## EXERCISE REQUIREMENTS:
What should be copied is the stretch of entries below from the line with "À noter, j’ai" up to and including the line with "Lokalisert nært Finnmarksvidda", exactly and without images.
═════ EXERCISE INPUT
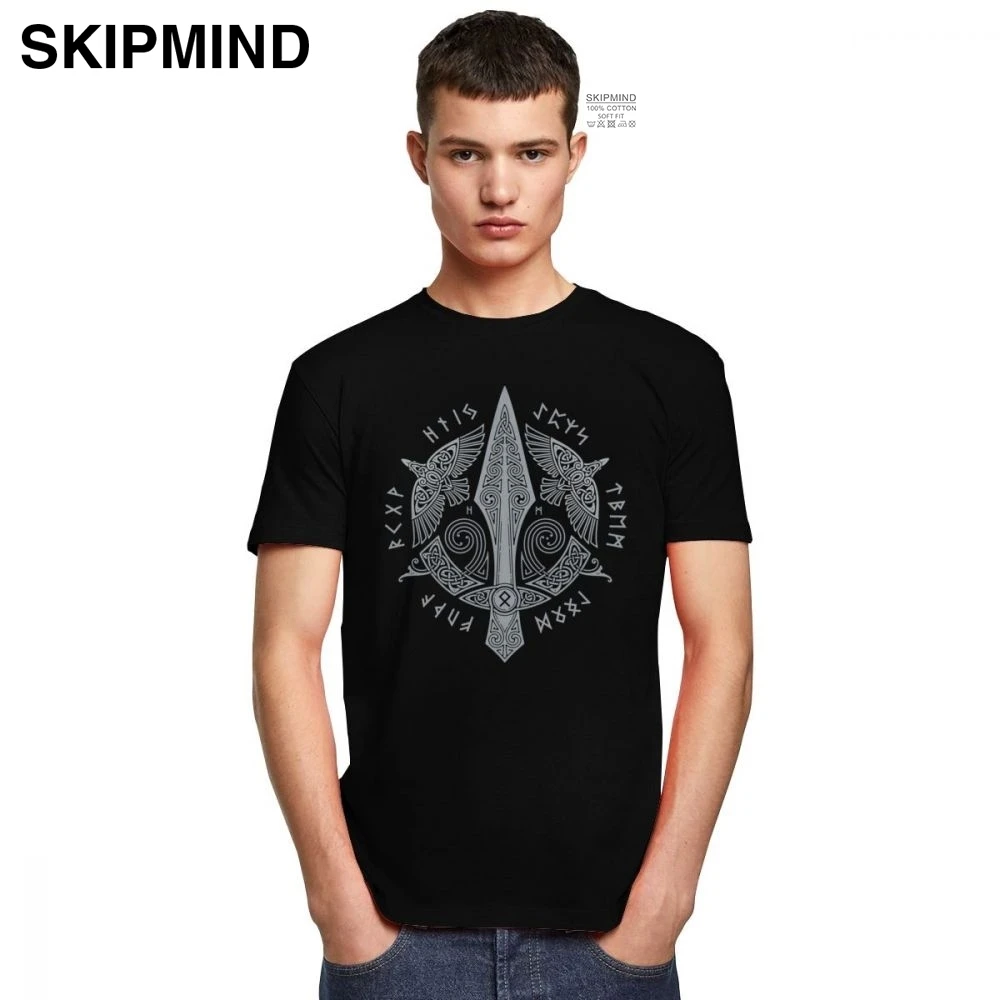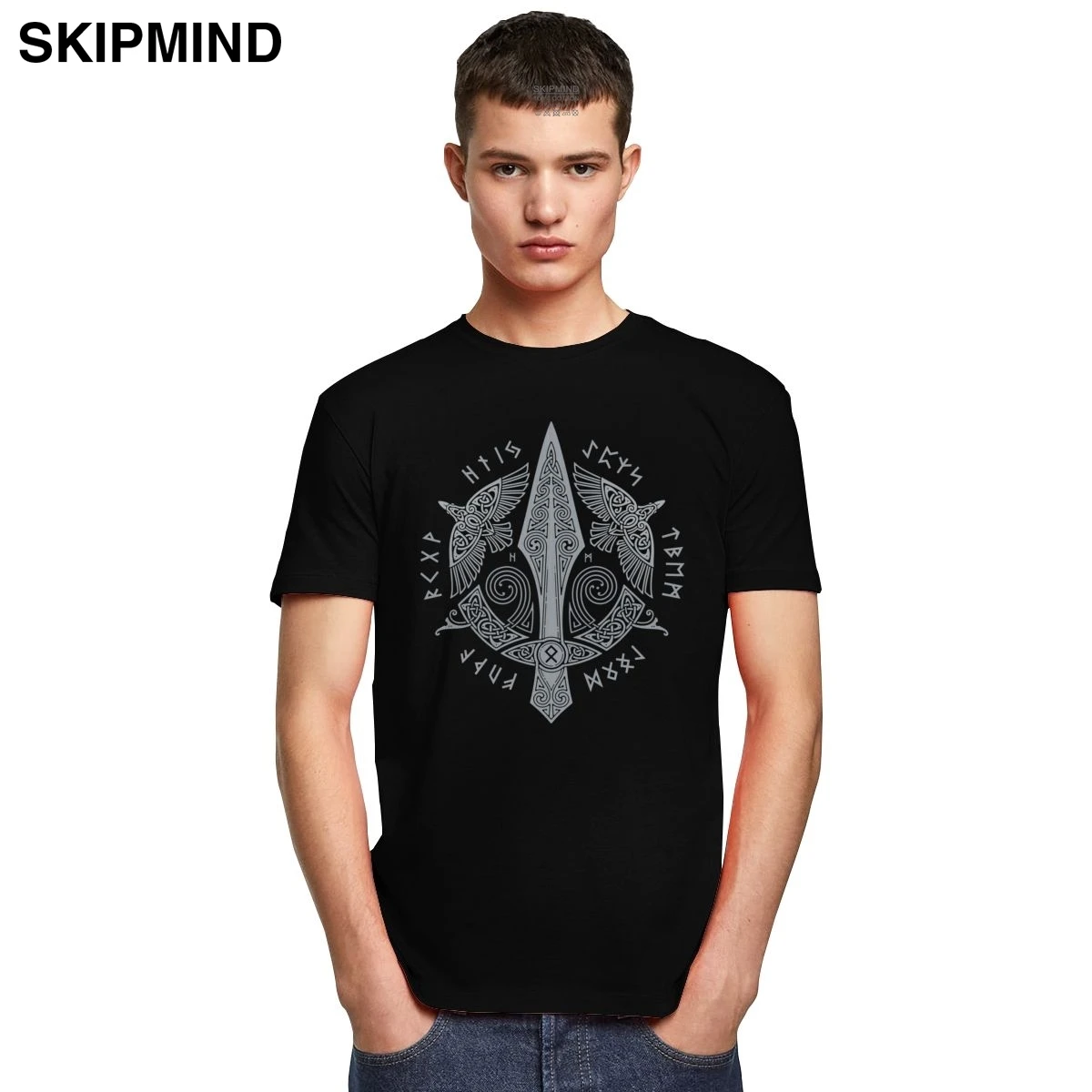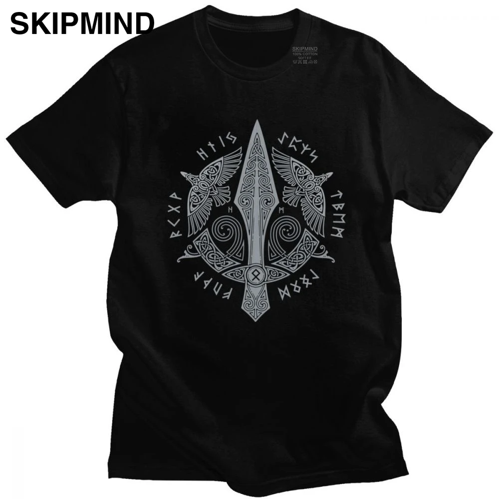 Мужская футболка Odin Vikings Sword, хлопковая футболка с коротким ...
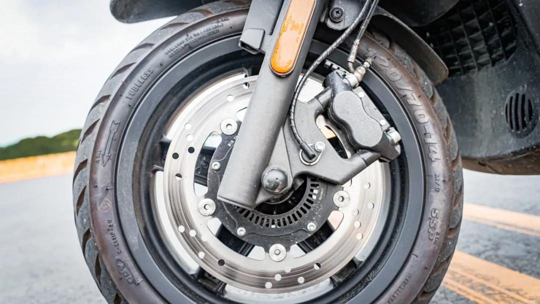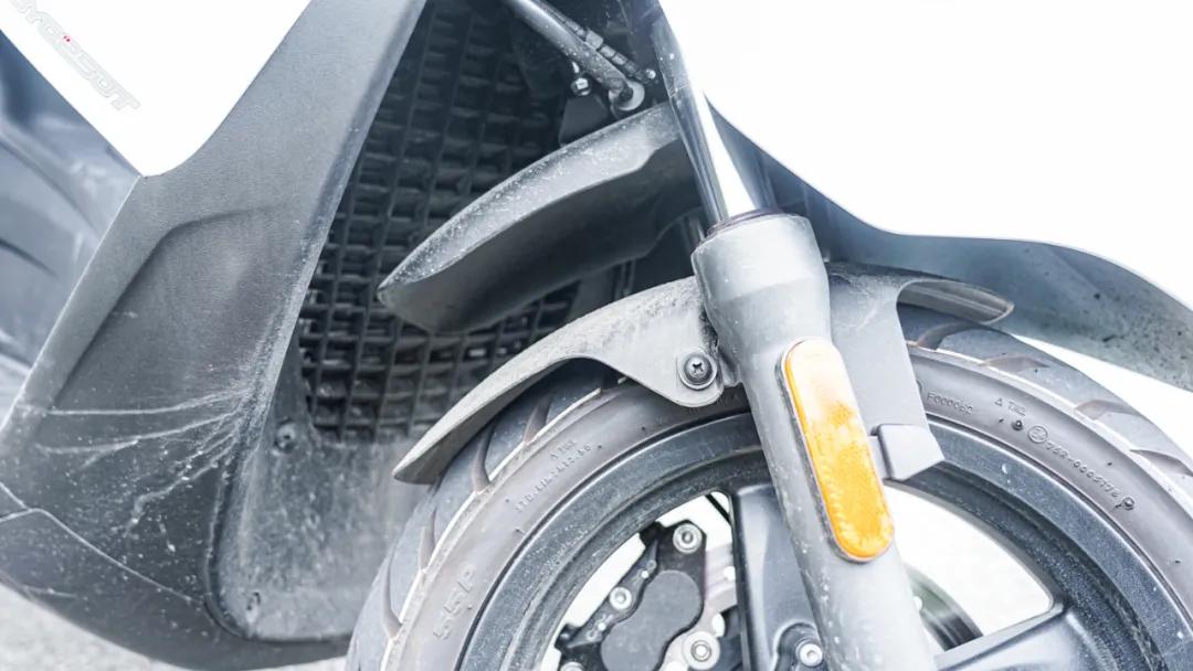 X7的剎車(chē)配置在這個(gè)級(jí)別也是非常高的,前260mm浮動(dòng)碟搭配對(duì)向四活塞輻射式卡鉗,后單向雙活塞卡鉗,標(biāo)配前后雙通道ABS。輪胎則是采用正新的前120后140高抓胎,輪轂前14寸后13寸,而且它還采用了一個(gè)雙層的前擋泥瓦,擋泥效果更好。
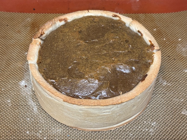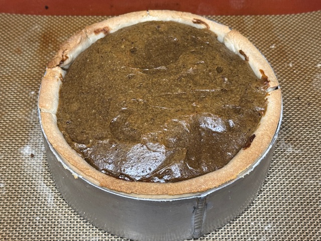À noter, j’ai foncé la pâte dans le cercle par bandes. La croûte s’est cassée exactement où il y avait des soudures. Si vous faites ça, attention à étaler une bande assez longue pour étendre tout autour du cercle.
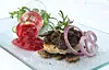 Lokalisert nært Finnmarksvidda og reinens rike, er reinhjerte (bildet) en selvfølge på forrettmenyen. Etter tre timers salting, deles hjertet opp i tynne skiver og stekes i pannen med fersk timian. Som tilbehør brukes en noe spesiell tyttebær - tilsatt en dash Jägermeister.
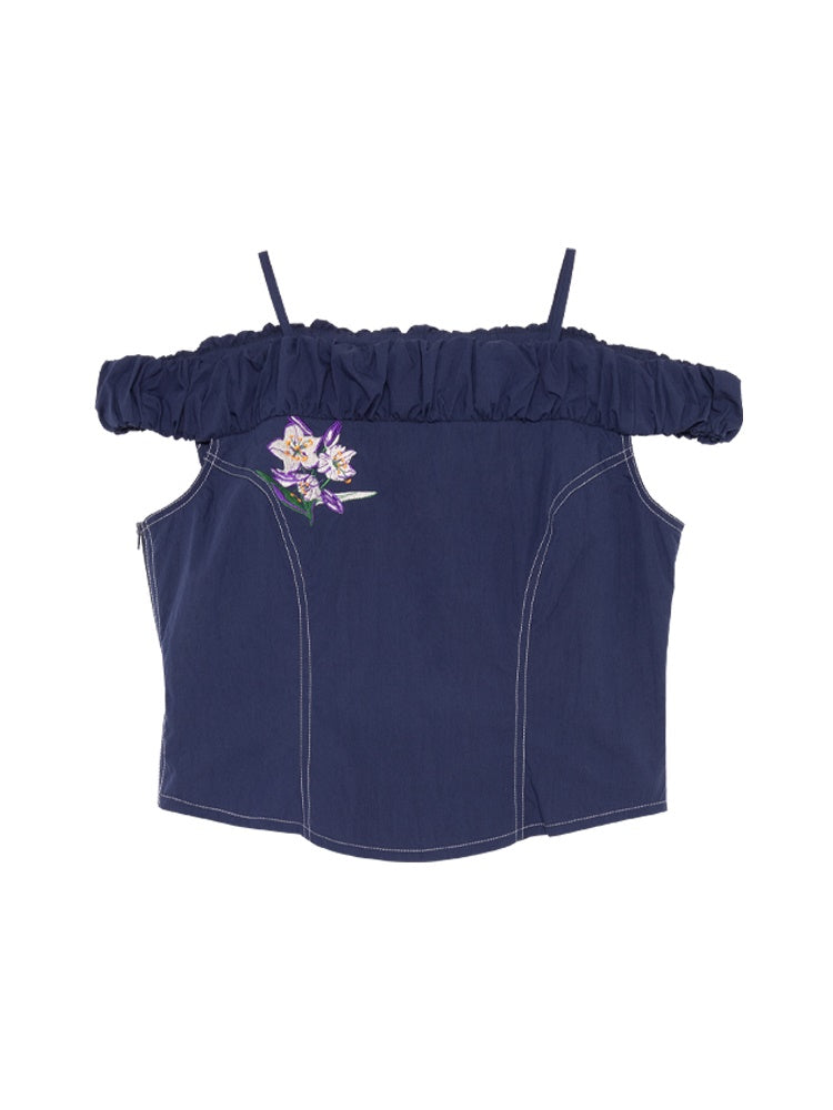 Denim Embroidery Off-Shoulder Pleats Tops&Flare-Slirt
══════════
## RESPONSE BOX:
À noter, j’ai foncé la pâte dans le cercle par bandes. La croûte s’est cassée exactement où il y avait des soudures. Si vous faites ça, attention à étaler une bande assez longue pour étendre tout autour du cercle.
 Lokalisert nært Finnmarksvidda og reinens rike, er reinhjerte (bildet) en selvfølge på forrettmenyen. Etter tre timers salting, deles hjertet opp i tynne skiver og stekes i pannen med fersk timian. Som tilbehør brukes en noe spesiell tyttebær - tilsatt en dash Jägermeister.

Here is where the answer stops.